For our use case let’s imagine we have the following requirements:

The source Delta table is 50 million rows, approximately 8GB in size.
The load type is primarily updates and some appends, no deletes.
The source data is updated every 30 minutes.
The end users want to have this data available within 5 minutes of the data being updated.
Rows updated per refresh is around 40k rows.

Design the pipeline

We can start shaping a good design to meet those requirements. The data is updated every 30 minutes, so a batch job will do. No need to burn money on a continuous streaming job.

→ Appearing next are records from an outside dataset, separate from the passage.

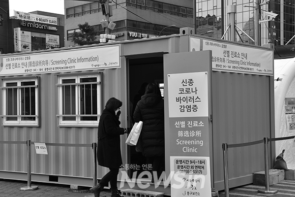 [뉴스인] 안희영 기자  = 4일 서울 중구와 중구보건소는 관광객이 많은 명동입구에 우한폐렴(신종 코로나바이러스감염증) 선별상담소를 마련하여 운영하고 있다.
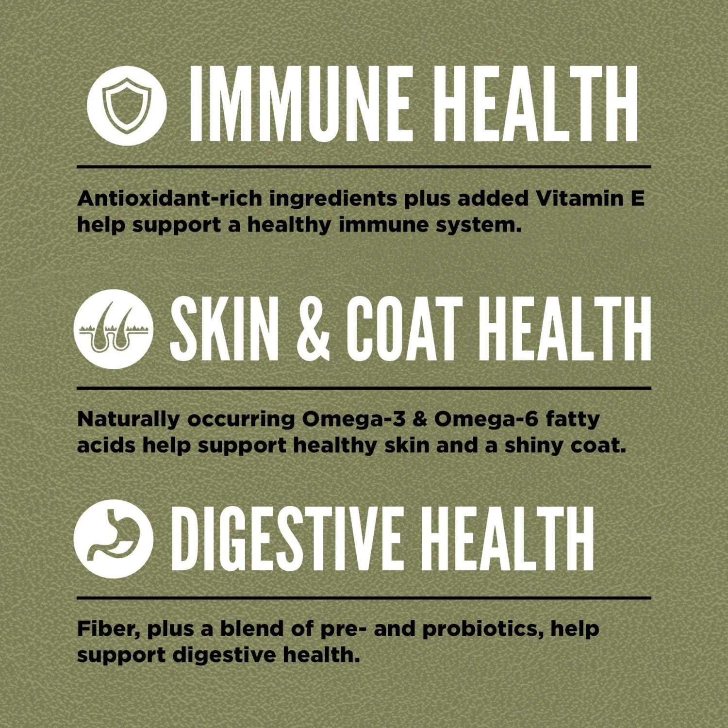 - This grain-free dry dog food is made with up to 85% animal protein and WholePrey inclusions like organs and bones.
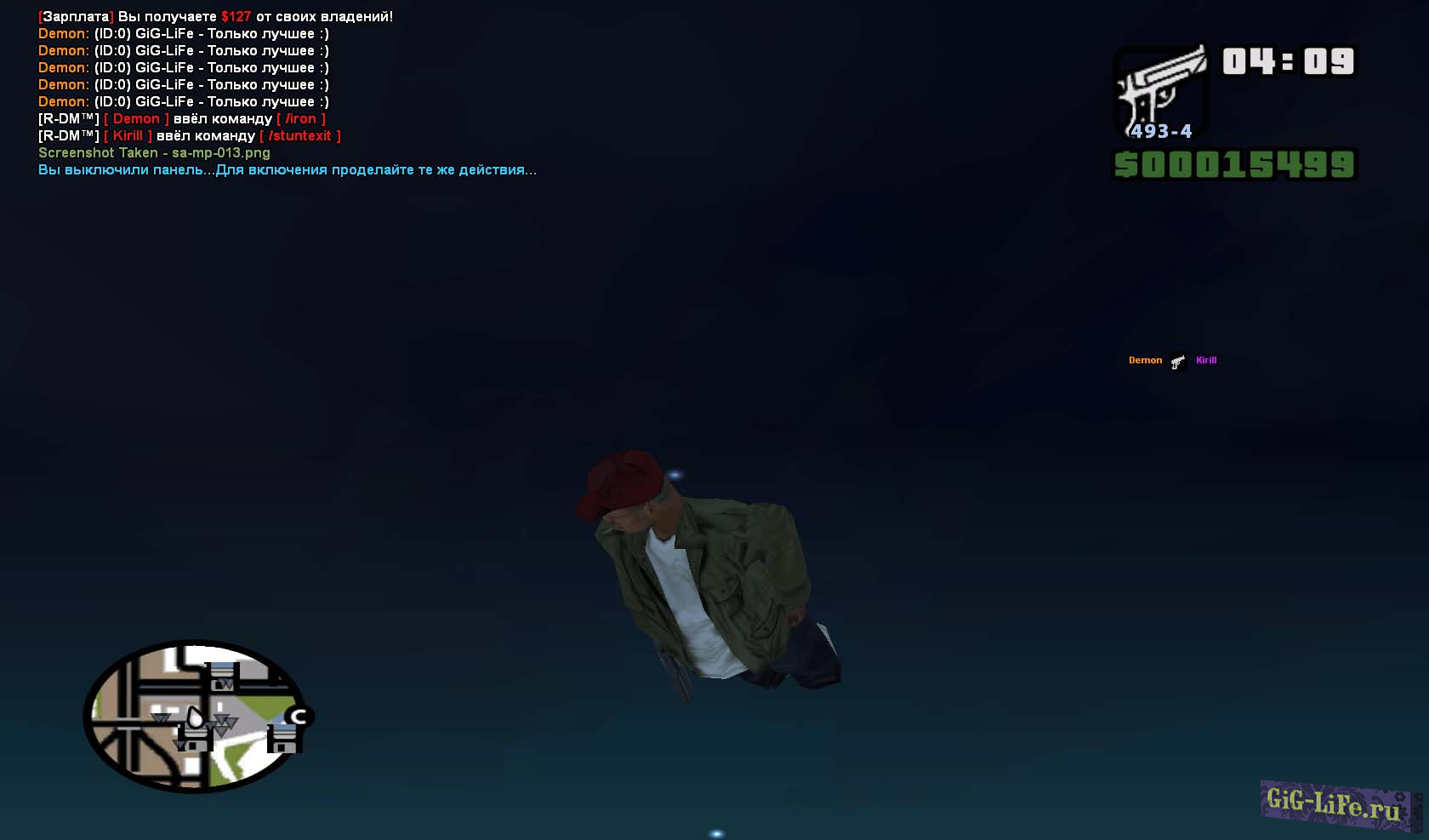 - Команда /iron - возможность летать + бесконечные ХП (доступна с 1го уровня) (Скрин №3-4 в полёте)
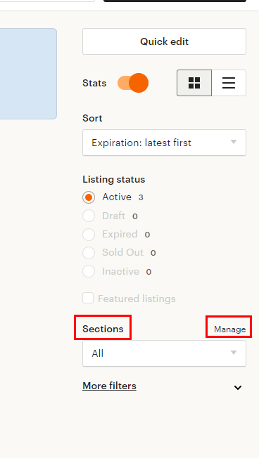 리스팅 화면에서 오른쪽에 보시면 섹션 파트가 있을 거예요.
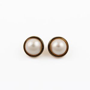 in oro giallo con perla mabé contornata da smalto nero. Diametro 2,2 cm ca.
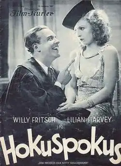 Hocuspocus (German: Hokuspokus) is a 1930 German comedy film parallel version directed by Gustav Ucicky, starring Anglo-German Lilian Harvey, Willy Fritsch, and Oskar Homolka.[1] It was the first adaptation of the 1926 play Hokuspokus by Curt Goetz, but used different role names.
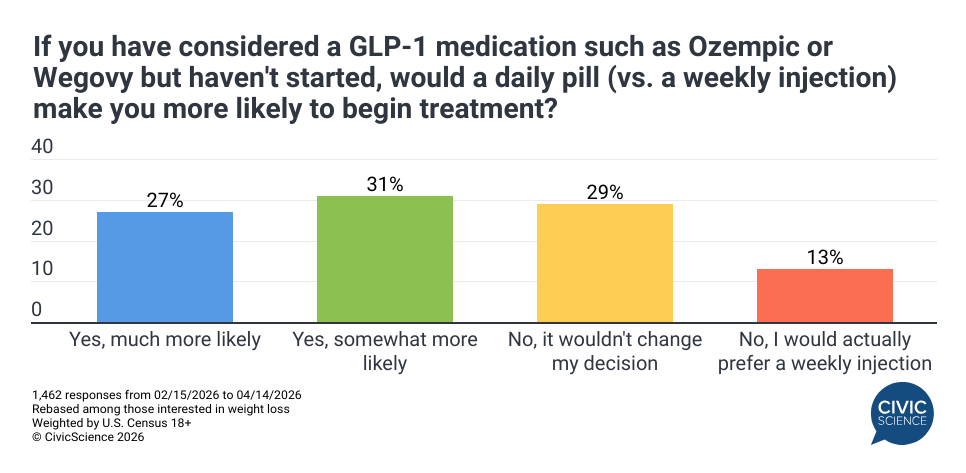 We could be nearing the next big step change in GLP-1 use. While cost and insurance coverage remain the biggest deterrents for people who would otherwise use GLP-1s for weight loss, the new pill forms of the drug – available for as little as $149/month – are likely to be a game-changer. Cost aside, 60% of people interested in weight loss say that oral medication (versus injections) makes them more likely to consider GLP-1s. In this latest snapshot of our GLP-1 Consumer Tracker, we also looked at why users dine out (for social reasons) and solo dining trends (so nobody gives them a hard time for only eating a portion of their meal, probably).

Interestingly, in Delta you can create streaming jobs that run on a schedule by using the availableNow trigger. This trigger processes all available data up to that point. The cool thing about it is that you can easily convert it into a streaming job later on should your needs change by simply removing the trigger.

Only 40k rows out of 50 million are updated each time (0.08% of the data). This makes a full reload highly inefficient. A better approach is to move only the data that has changed since the last run. We can achieve this using Delta’s Change Data Feed (CDF) which tracks row-level changes between table versions.

Finally, we need to consider the types of updates. For our use case, the data is updated in place or appended, so we can use a MERGE query to combine both operations in a single query.

If you’ve not seen a MERGE query before, my ex-colleague Max cleverly defined it as “a switch statement for SQL”. Using a MERGE query is also a great way to ensure idempotency in the pipeline, ensuring there are no duplicates are introduced when you re-run your pipelines after a failed job.

Implementation

Now to the juicy bit. To start using Change Data Feed (CDF) to track row-level changes we need to enable it in the source table.

ALTER TABLE
  public.mycatalog.mytable
SET TBLPROPERTIES
  (delta.enableChangeDataFeed = true)

Once enabled, we can view the CDF changes in the Delta table by running the following query. The number indicates the start version you want to start querying from.

SELECT * FROM table_changes('`public`.`mycatalog`.`mytable`', 1);

The CDF output will show your data with three additional metadata columns: the change type for that row, the version when the change happened and the timestamp. It will only show the rows that have changed from the specified starting version.

The next step is defining the function to upsert data into Postgres. We’ll create a function that takes in two parameters: a dataframe representing the micro-batch, and a batch id.

def writeToPostgres(df, batch_id):

    with psycopg.connect(...) as conn:
        with conn.cursor() as cur: 
         
          query = """
          MERGE INTO public.mytable AS target
          USING (
            VALUES (%s, %s, %s) , (%s, %s, %s), ...
          ) AS source ("user_id", "name", "age")
          ON target.user_id = source.user_id
          WHEN MATCHED AND source._commit_timestamp >= target._commit_timestamp THEN
            UPDATE SET "name" = source."name", "age" = source."age"
          WHEN NOT MATCHED THEN
            INSERT ("user_id", "name", "updated_at")
            VALUES (source."user_id", source."name", source."age");
          """
          values = (...)  # dynamically generated from df
          cur.execute(query, values)

         conn.commit()

Within this function we define the MERGE query which checks if a record exists or not based on a primary key (user_id). If the record exists, it uses the _commit_timespamp column to ensure only newer records are inserted. The code shows a simplified version of the MERGE query for illustrative purposes. You can build the values and columns dynamically based on your dataframe.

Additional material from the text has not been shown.